Echoes. Yammering echoes, and nothing more.
—they're quantum life forms, Les. The birdcage Benefactors, anyway. Quantum life forms. You were right, you were right; they don't even sense the world the way we do—
Richard, get me the bloody hell out of here! Help! Dick!
And just the poetry, the echo of the poetry, and nothing true or concrete or real. He clung to it anyway, to Jen's voice, and the rhythm of the words: To strive, to seek, to find, and not to yield.
And then silence, long silence. And then, not light, but a lessening of the darkness. A presence, or a dozen presences. A dream within a dream, a sense of companionship he hoped was not self-delusion. Charlie?

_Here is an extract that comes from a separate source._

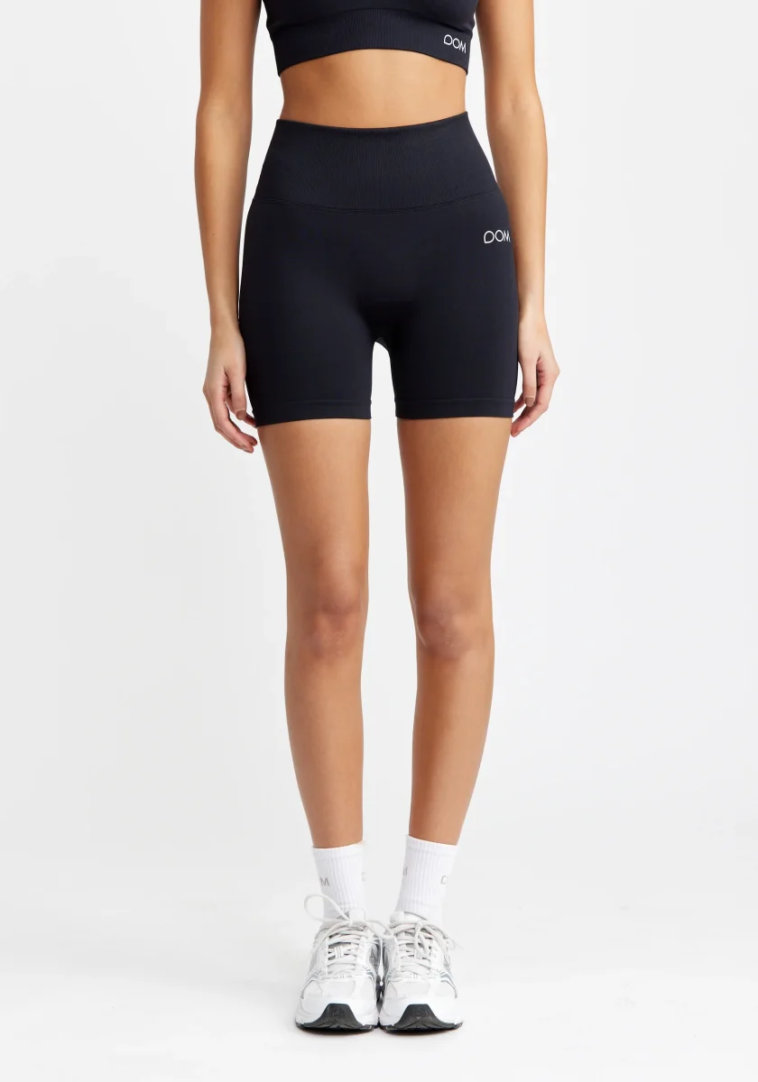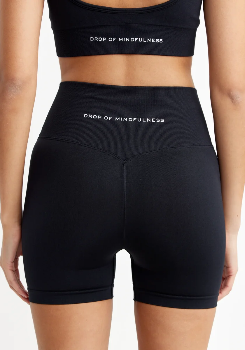 Svarta Sesh Bike Shorts – Inspirerade av våra bästsäljande Sesh tights erbjuder dessa shorts både stil och komfort. Den höga, bredare midjan ger extra stöd, medan den smickrande V-formen baktill skapar en elegant siluett.
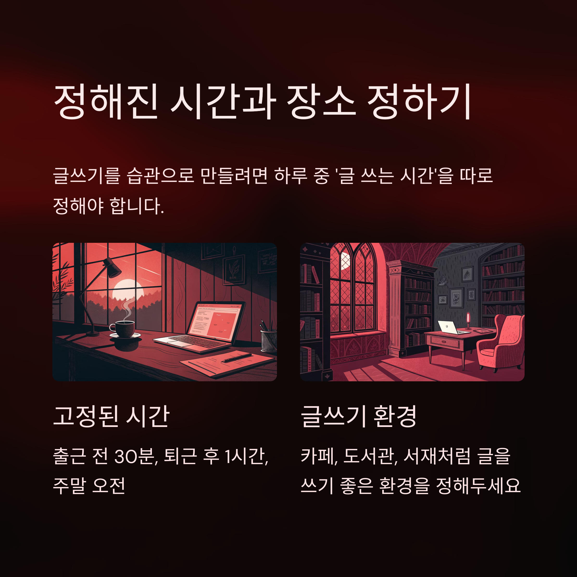 하루 중 ‘글 쓰는 시간’을 따로 정해야 합니다.

Charlie, is that you? And the voices, and if he'd been able to move, he would have turned and run after those voices, anything, anything to touch and be close with something that was anything, that wasn't the blackness and the untextured warmth. Voices, crowd noise, a hundred or a thousand talkers talking, and no more sense to be made of it than the buzz of cicadas, the twittering of birds. No, not talking, although his human brain insisted on “hearing” the noise impressed upon it by the Benefactor tech infecting his body. He could feel that tech communicating with the other nanosurgeons, worldwide, feel Richard and Charlie and Alan as part of the same intermingled sea of experience, feel Jenny and Patty and Genie and Min-xue and the other human carriers as discrete islands within that sea. And then there was th
e worldwire under it all, the combined weight and presence of the Benefactors, the damaged planet below, the starships and the—
Damn.
He could feel half the whole goddamned bloody galaxy.
Dick?
“Pretty cool, isn't it?”
“For my purpose holds To sail beyond the sunset, and the baths Of all the western stars, until I die—”
“Jen?” His voice vibrated in his head, not his throat. There was no light, nothing, neither eyelids nor lashes, and he heard Charlie say “Richard?” as if out loud, at the same moment, and then a greedy hand clutched and squeezed his hand, and someone was laughing exultantly in his ear. No, it was Charlie's hand. Not his own hand. He couldn't feel his own hand.
He opened his eyes and saw nothing at all.
Jeremy?
Jeremy? Where are you? Can you hear me?
“I hear you.”
Except the voice wasn't in his ear, it was in his head, so he answered without moving his lips, as if in a dream, I know how to talk to the birdcages. Can you hear me? I know how to talk to them now.
1100 hours
Friday October 5, 2063
HMCSS Montreal
Earth orbit
Jaime Wainwright had a trick of looking out from under her hair that made her look years younger, and not one whit less dangerous. Charlie liked to catch her at it, that cold professional stare softened through her lashes. He didn't like being the target of it, as he was the target of it now. He'd gone out of his way to find her away from her ready room, away from the bridge—not that it helped much; the whole of the Montreal was her domain. Finding her in the lounge—with a little assistance from Richard—was still a stroke of luck.
In any case, when she pinned that look against him it took all the courage he could muster not to step back and yield her the floor. Instead, he said, “There has to be something we can do for Les.” He pushed his spectacles up his nose with a fingertip, aware of the smile his archaic affectation produced. “Captain.”